U.S. District Judge Colleen Kollar-Kotelly granted Al Mutairi's petition for habeas corpus, ending a case pending more than seven years - "the oldest of the pending Guantanamo Bay habeas cases," according to the ruling.

Al Mutairi was detained in Pakistan in 2001 after traveling to Afghanistan for charity work. He had boarded a plane from Kuwait to Iran with $15,000 cash shortly after the Sept. 11 attacks. He used part of the money to help build a mosque in Iran, and then traveled to Afghanistan in late September 2001 to donate funds to build a school for al Wafa, a group with ties to al-Qaida.

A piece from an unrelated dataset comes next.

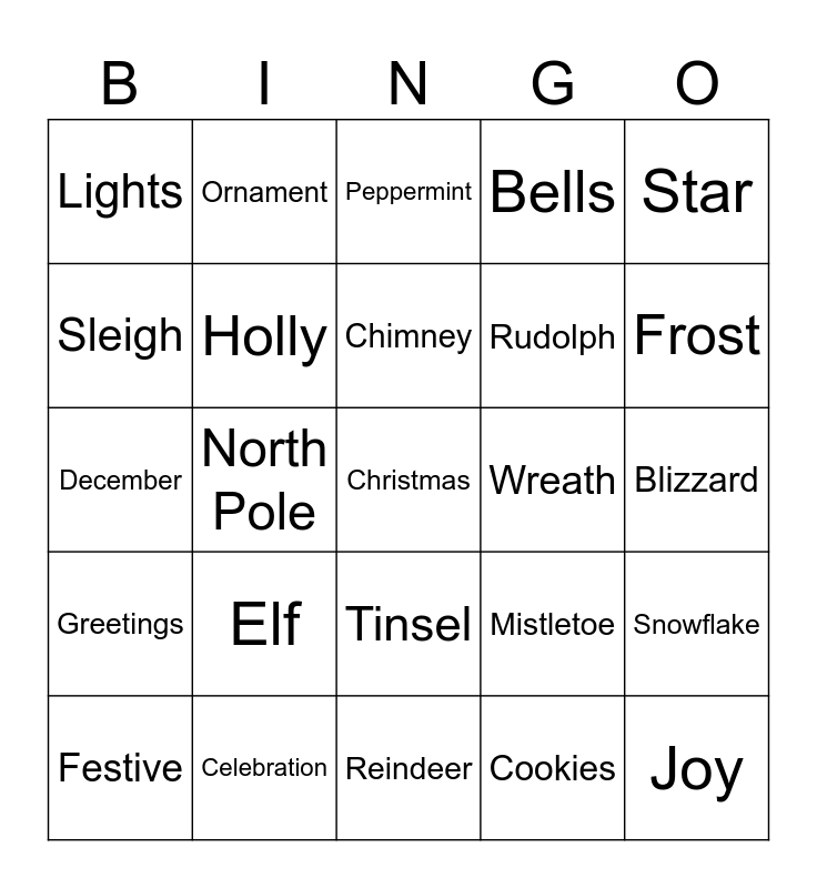 This bingo card has 51 words: Free!, Christmas, Santa, Reindeer, Elf, Snowman, Ornament, Gift, Sleigh, Stocking, Holly, Bells, Snowflake, Mistletoe, Candle, Gingerbread, Chimney, Wreath, Carol, Star, North Pole, Cookies, Lights, Rudolph, Tree, Joy, Frost, Icicle, Festive, Peppermint, Candy Cane, Fireplace, Holiday, Peace, Noel, Celebration, Angel, Nativity, Eggnog, Tradition, Blizzard, Greetings, Snowball, Feast, Winter, Joyful, December, Cozy, Garland, Tinsel and Wish.

But Al Mutairi's $1,000 donation to the group did not make him "part of" the organization, Judge Kollar-Kotelly ruled.

"[T]he government has at best shown that some of Al Mutairi's conduct was consistent with persons who may have become a part of al-Qaida or an associated force of al-Qaida, but there is nothing in the record beyond speculation that Al Mutiairi did, in fact, train with or otherwise become a part of either or both of those organizations," Kollar-Kotelly wrote.

The court did not credit Al Mutairi's version of events, pointing out numerous "inconsistencies, implausibilities, and in some respects, impossibilities," but said the government bore the burden of showing that Al Mutairi was legally detained. And the government has not "filled in these blanks," Kollar-Kotelly wrote.

Though Al Mutairi's travels within Afghanistan during late 2001 were consistent with the movements of Taliban and al-Qaida fighters - Al Mutairi headed to a village in southern Afghanistan when Kabul fell in November, just as Taliban and al-Qaida fighters fled south toward the border - that alone was not enough to detain him, the court ruled.

The judge said there was evidence that Al Mutairi was admitted to an al-Qaida training camp. When he was detained, he claimed to have lost his passport, which the government said was consistent with al-Qaida training procedures requiring fighters to surrender their passports before admission to the camp. But again, the judge said Al Mutairi's missing passport was not enough to support the charge that he attended a terrorist training camp.

And although Al Mutairi's name appeared on public lists of captured al-Qaida fighters, this was not evidence enough to prove connections to the terrorist group, the court added, because Al Mutairi had volunteered the information to a guard in 2001, after being told it would be published so his family would know where he was. The list then appeared in the Kuwait news as a list of detained al-Qaida fighters.

Kollar-Kotelly also discredited the government's claim that Al Mutairi fought with Osama bin Laden in Afghanistan in 1991, an accusation lifted from an interrogation of the detainee, saying there is no evidence of this association. It is unlikely that Al Mutairi would leave home, at the age of 16, to fight against Soviet Union forces in another country, the judge said. Moreover, in interrogation records, Al Mutairi looks "agitated" and "appears to have been goaded into making these statements by the linguist in the interrogation room," the ruling states. During another interrogation, Al Mutairi claimed that he was Osama bin Laden, Kollar-Kotelly noted.

The court refused to admit the government's evidence with a presumption of accuracy, citing the government's erroneous belief, held for more than three years, that Al Mutairi manned an anti-aircraft weapon in Afghanistan due to a typographical error in an interrogation report. The judge wanted the chance to evaluate raw evidence.

Al Mutairi filed his habeas petition on May 1, 2002, but his case was delayed during the Bush administration over concerns that the courts lacked jurisdiction to review the charges against him. The Supreme Court's ruling in Boumedienne v. Bush in 2008 allowed Guantanamo detainees to challenge their detentions in U.S. courts.